Utility functions in terms of usefulness, e.g. minimizing GP utility functions or computing KL divergences, and the GP utility functions, e.g. the bape utility.

alabi.utility.agp_utility(theta, predict_gp, bounds)[source]

Compute the AGP (Adaptive Gaussian Process) utility function based on posterior entropy.

AGP is an information-theoretic acquisition function that measures the entropy of the Gaussian Process posterior distribution. It balances the GP mean prediction with the uncertainty (variance), preferring regions with high predicted values and high uncertainty.

Parameters:
  • theta – (array-like of shape (ndim,)) Parameter values at which to evaluate the utility function.

  • y – (array-like of shape (nsamples,)) Observed function values at training points, used to condition the GP.

  • gp – (george.GP) Trained Gaussian Process model. The GP will be computed if not already done.

  • bounds – (array-like of shape (ndim, 2)) Parameter bounds as [(min, max), …] for each dimension. Used to check if theta is within the prior support.

Returns:

float Negative AGP utility value. The negative is used so that minimizing this function is equivalent to maximizing the actual utility.

Notes

The AGP utility function is defined as:

\[u(\theta) = \mu(\theta) + \frac{1}{2} \ln(2\pi e \sigma^2(\theta))\]

This represents the entropy of the posterior predictive distribution at θ. The utility encourages sampling where: - The mean prediction μ(θ) is high (exploitation) - The predictive variance σ²(θ) is high (exploration)

AGP provides a different balance compared to other acquisition functions: - More exploitative than BAPE (focuses on high mean regions) - Less optimization-focused than Expected Improvement - Naturally balances exploration and exploitation through entropy

Raises:

ValueError – If the utility computation results in invalid values (e.g., negative variance).

Examples

Evaluate AGP utility at a test point:

theta_test = np.array([0.5, 1.2])
utility = agp_utility(theta_test, y_train, gp, bounds)

References

Wang & Li (2017): “Adaptive Gaussian Process Approximation for Bayesian Inference with Expensive Likelihood Functions”, Neural Computation, 30, 3072-3094.

alabi.utility.bape_utility(theta, predict_gp, bounds)[source]

Compute the BAPE (Bayesian Active Posterior Estimation) utility function.
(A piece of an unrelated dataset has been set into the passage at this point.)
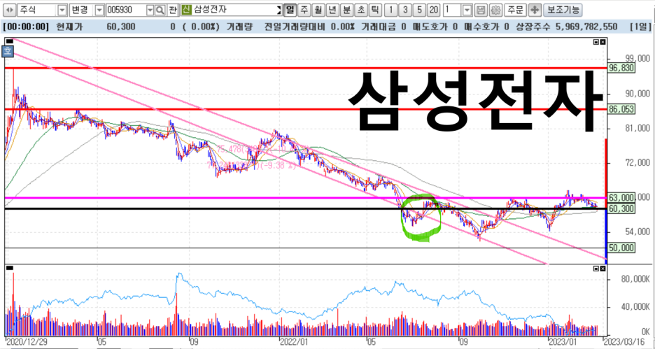 사실 역발상 투자를 삼성전자로 설명하기에 좀 그렇긴 하지만, 어짜피 원리는 같기 때문에 한번 봐요. 일단 삼성전자는 고점을 찍고 추세적으로 쭉하락하게 되는데요. 저기 형광펜으로 표시된 부분부터는 하락의 힘이 빠지게 됩니다. 작년에 삼성전자는 63000원 이하에서는 그냥 아무렇게나 사도 된다고 엄청 떠들었던 기억이 나는데요. 그당시엔 채팅방의 많은 사람들이 이해하지 못했을텐데 지내놓고 보면 무릎을 탁치게 되는거죠. 그런데 이말을 왜 꺼냈냐면 이런거죠.

BAPE is an active learning acquisition function designed for posterior exploration rather than optimization. It identifies regions where the GP variance is high relative to the mean, promoting exploration of the parameter space. The utility is computed in log-form for numerical stability.

Parameters:
  • theta (array-like of shape (ndim,)) – Parameter values at which to evaluate the utility function.

  • y (array-like of shape (nsamples,)) – Observed function values at training points, used to condition the GP.
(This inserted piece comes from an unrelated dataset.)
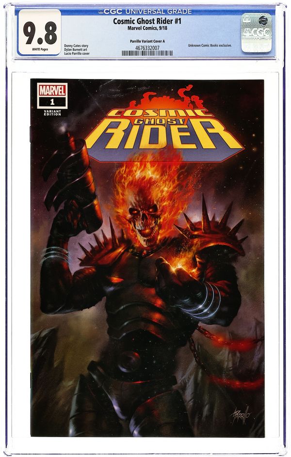 Unknown Comics exclusive Variant Cover by Lucio Parrillo. Written by Donny Cates. Art by Dylan Burnett.. EXPLODING FROM THE PAGES OF THANOS! Frank Castle was the Punisher. A deal with the devil made him Ghost Rider. A deal with Galactus made him cosmic. A deal with Thanos made him…DEAD?!? Not to worry, he's coming back, and he's got a plan to make the universe a better place that's going to lead him into an even CRAZIER adventure than he's ever been in! Join hot new comic (and cosmic?) writer Donny Cates (THANOS, DOCTOR STRANGE) as he pushes his wildest creation past the breaking point! 36 pages, full color. Rated T+

  • gp (george.GP) – Trained Gaussian Process model. Must have been computed (gp.computed=True).

  • bounds (array-like of shape (ndim, 2)) – Parameter bounds as [(min, max), …] for each dimension. Used to check if theta is within the prior support.

Returns:

Negative log-BAPE utility value. The negative is used so that minimizing this function is equivalent to maximizing the actual utility.

Return type:

float

Note

The BAPE utility function is defined as:

\[u(\theta) = e^{2\mu(\theta) + \sigma^2(\theta)} \left(e^{\sigma^2(\theta)} - 1 \right)\]

This function returns the negative logarithm of the utility for numerical stability:

\[-\log u(\theta) = -\left(2\mu(\theta) + \sigma^2(\theta) + \log(e^{\sigma^2(\theta)} - 1)\right)\]

BAPE is particularly effective for:

  • Exploring multi-modal posteriors

  • Reducing uncertainty in posterior estimates

  • Active learning when the goal is posterior characterization

Unlike optimization-focused acquisitions (e.g., Expected Improvement), BAPE prioritizes exploration over exploitation, making it less suitable for finding global optima but excellent for posterior mapping.

Raises:
  • ValueError – If the utility computation results in invalid values (e.g., negative variance).

  • RuntimeError – If the GP has not been computed before calling this function.

Examples

Evaluate BAPE utility at a test point:

>>> theta_test = np.array([0.5, 1.2])
>>> utility = bape_utility(theta_test, y_train, gp, bounds)

References

Kandasamy et al. (2015): “Query efficient posterior estimation in scientific experiments via Bayesian active learning”, Artificial Intelligence, 243, 45-56.

alabi.utility.jones_utility(theta, predict_gp, bounds, y_best, zeta=0.01)[source]

Compute the Expected Improvement (EI) acquisition function.

This function implements the Expected Improvement criterion from Jones et al. (1998), which balances exploitation (sampling where the mean is high) with exploration (sampling where the uncertainty is high). Unlike BAPE, this acquisition function is designed specifically for global optimization.

Parameters:
  • theta (array-like of shape (ndim,)) – Parameter values at which to evaluate the utility function.

  • y (array-like of shape (nsamples,)) – Observed function values at training points. The maximum value is used as the current best (f_best).

  • gp (george.GP) – Trained Gaussian Process model. Must have been computed (gp.computed=True).

  • bounds (array-like of shape (ndim, 2)) – Parameter bounds as [(min, max), …] for each dimension. Used to check if theta is within the prior support.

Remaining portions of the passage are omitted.